— GOAL OF THE EXERCISE —
With the pictures left out, retype exactly the lines below starting at the line that contains "Pokrowce marki RUHHY" and ending at the line that contains "Die Beisetzung der".

— EXERCISE MATERIAL —
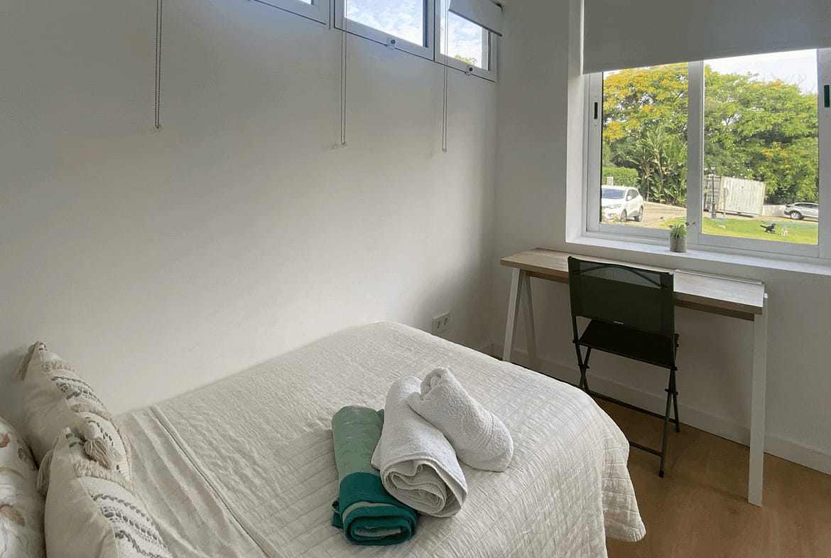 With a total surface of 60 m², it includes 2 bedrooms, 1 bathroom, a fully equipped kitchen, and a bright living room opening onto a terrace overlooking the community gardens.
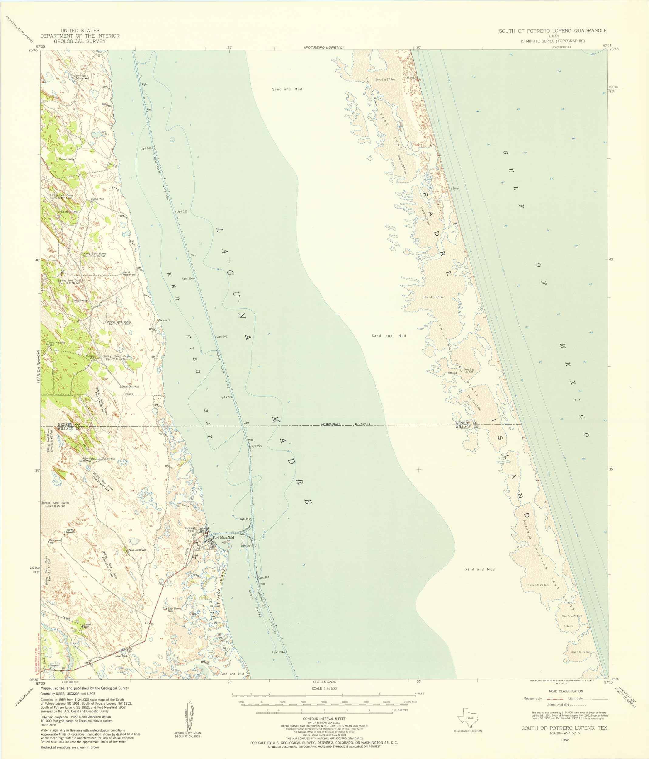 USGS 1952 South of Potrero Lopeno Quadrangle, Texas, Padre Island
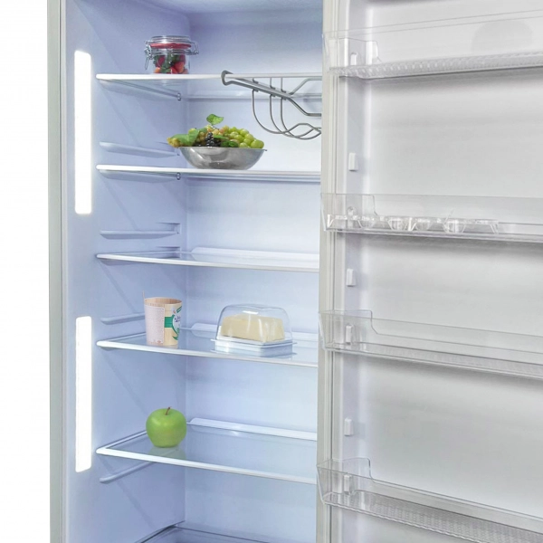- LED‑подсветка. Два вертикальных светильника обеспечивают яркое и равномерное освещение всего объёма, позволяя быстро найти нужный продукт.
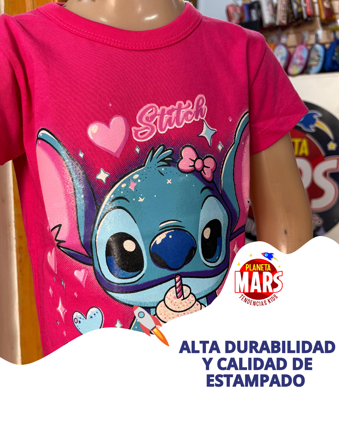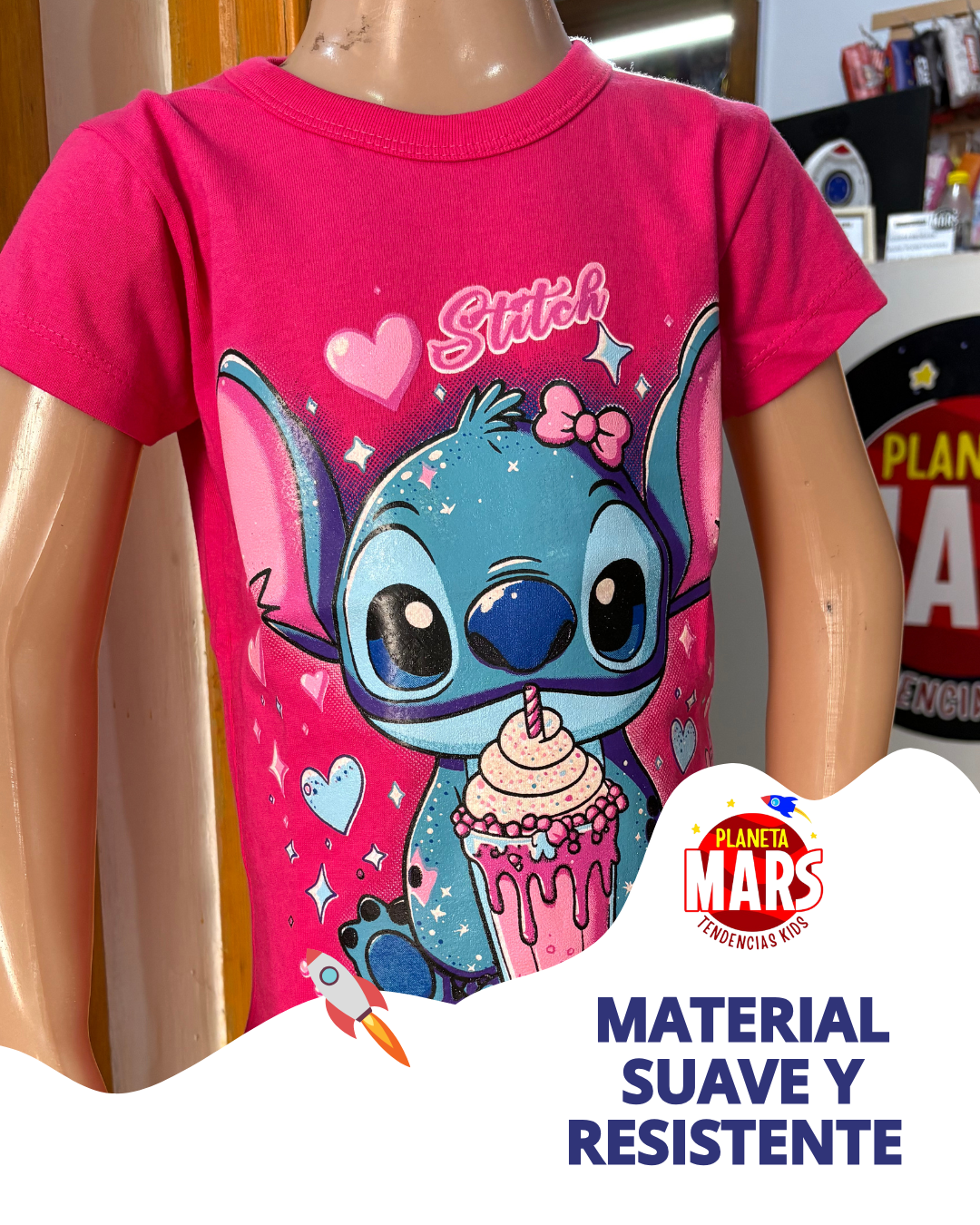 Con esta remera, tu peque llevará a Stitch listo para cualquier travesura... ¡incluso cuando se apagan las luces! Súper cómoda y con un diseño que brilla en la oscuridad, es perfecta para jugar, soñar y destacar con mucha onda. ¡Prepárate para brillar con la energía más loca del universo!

==

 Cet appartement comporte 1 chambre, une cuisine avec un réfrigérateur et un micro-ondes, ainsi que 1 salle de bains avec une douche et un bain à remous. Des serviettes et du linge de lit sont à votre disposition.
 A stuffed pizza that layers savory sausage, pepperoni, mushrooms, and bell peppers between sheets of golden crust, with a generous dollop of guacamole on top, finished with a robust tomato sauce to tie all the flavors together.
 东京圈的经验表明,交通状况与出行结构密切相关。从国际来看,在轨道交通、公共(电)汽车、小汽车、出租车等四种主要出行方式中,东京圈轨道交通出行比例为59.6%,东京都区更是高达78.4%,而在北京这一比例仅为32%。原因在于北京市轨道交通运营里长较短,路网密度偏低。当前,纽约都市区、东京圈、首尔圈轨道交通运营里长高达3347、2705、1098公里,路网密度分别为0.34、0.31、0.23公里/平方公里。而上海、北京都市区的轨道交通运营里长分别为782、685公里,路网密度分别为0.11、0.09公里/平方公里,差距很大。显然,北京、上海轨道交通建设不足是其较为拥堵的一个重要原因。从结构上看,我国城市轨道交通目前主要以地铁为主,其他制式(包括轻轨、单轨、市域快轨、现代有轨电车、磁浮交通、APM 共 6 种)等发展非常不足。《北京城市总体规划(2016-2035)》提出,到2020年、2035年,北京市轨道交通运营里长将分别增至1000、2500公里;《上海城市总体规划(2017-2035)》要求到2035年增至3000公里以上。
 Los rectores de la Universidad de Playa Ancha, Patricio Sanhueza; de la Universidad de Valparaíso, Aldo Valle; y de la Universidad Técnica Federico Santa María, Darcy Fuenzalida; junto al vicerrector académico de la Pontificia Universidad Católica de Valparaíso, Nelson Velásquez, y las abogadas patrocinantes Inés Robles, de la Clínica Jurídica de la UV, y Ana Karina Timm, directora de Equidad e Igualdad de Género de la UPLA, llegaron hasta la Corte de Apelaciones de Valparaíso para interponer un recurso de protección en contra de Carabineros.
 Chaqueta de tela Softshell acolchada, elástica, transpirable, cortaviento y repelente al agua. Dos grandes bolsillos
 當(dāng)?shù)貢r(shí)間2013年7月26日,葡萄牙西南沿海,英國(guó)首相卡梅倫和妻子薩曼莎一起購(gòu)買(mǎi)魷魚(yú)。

...

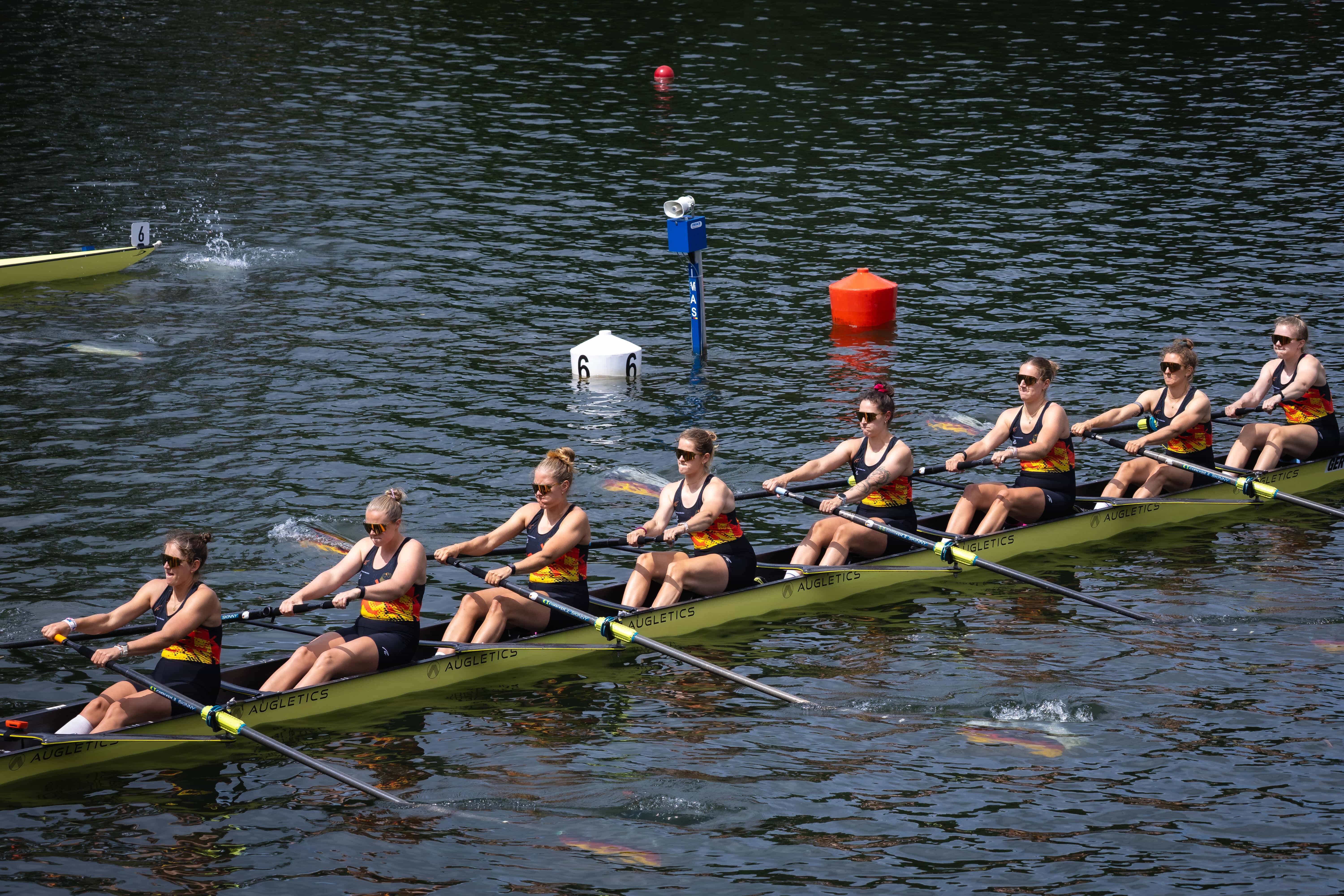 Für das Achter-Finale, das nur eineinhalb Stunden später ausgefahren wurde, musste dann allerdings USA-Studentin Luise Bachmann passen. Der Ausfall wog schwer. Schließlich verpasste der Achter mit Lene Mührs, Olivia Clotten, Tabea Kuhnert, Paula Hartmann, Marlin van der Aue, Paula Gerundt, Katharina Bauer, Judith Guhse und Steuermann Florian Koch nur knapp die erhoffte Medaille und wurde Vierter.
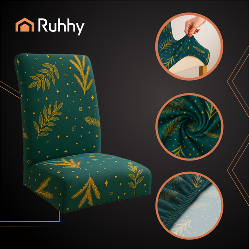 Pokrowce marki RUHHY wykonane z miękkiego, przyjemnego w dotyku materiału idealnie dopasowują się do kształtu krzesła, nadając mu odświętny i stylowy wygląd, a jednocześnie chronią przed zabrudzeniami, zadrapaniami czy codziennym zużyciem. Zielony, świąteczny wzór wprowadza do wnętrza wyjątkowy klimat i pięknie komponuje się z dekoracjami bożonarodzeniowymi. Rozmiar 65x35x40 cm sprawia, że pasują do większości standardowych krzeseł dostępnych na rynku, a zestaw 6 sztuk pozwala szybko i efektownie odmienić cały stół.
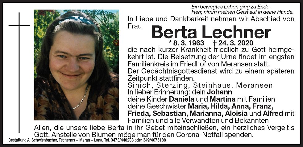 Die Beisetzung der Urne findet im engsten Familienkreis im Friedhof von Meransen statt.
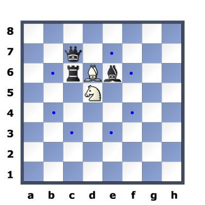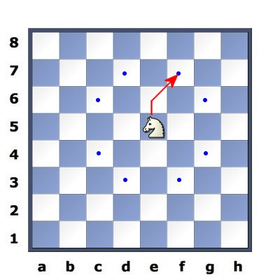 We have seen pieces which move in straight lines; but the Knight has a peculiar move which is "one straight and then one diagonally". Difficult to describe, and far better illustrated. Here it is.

— OUTPUT OF THE TASK —
 Pokrowce marki RUHHY wykonane z miękkiego, przyjemnego w dotyku materiału idealnie dopasowują się do kształtu krzesła, nadając mu odświętny i stylowy wygląd, a jednocześnie chronią przed zabrudzeniami, zadrapaniami czy codziennym zużyciem. Zielony, świąteczny wzór wprowadza do wnętrza wyjątkowy klimat i pięknie komponuje się z dekoracjami bożonarodzeniowymi. Rozmiar 65x35x40 cm sprawia, że pasują do większości standardowych krzeseł dostępnych na rynku, a zestaw 6 sztuk pozwala szybko i efektownie odmienić cały stół.
 Die Beisetzung der Urne findet im engsten Familienkreis im Friedhof von Meransen statt.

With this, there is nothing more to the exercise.